Brief
Write out again, word for word, the lines below from the line that holds "TooQ DB1727TN-B Soporte" through the line that holds "울창한 숲속을 따라 조성된", omitting pictures.

[Material supplied Boundary: Start]

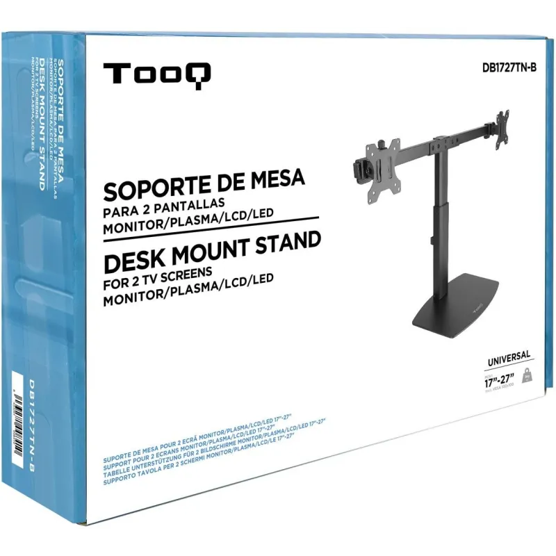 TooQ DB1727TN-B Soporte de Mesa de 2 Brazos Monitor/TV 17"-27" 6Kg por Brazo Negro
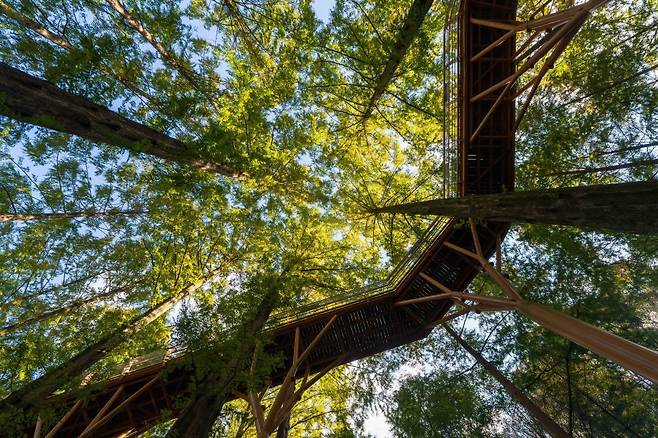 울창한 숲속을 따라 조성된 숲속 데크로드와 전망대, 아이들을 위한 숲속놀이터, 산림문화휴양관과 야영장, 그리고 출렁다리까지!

[Material supplied Boundary: End]
[Material supplied Boundary: Start]

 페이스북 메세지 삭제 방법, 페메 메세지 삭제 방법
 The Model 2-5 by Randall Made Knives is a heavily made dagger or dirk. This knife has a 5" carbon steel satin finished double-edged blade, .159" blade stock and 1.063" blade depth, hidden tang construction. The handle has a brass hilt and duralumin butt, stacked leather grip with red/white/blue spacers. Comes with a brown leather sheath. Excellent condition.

[Material supplied Boundary: End]
[Material supplied Boundary: Start]

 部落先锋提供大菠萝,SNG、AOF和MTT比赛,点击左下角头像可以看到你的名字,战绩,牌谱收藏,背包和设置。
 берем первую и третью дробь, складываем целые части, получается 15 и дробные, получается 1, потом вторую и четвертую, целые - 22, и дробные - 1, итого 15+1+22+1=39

[Material supplied Boundary: End]

Result for this task
 TooQ DB1727TN-B Soporte de Mesa de 2 Brazos Monitor/TV 17"-27" 6Kg por Brazo Negro
 울창한 숲속을 따라 조성된 숲속 데크로드와 전망대, 아이들을 위한 숲속놀이터, 산림문화휴양관과 야영장, 그리고 출렁다리까지!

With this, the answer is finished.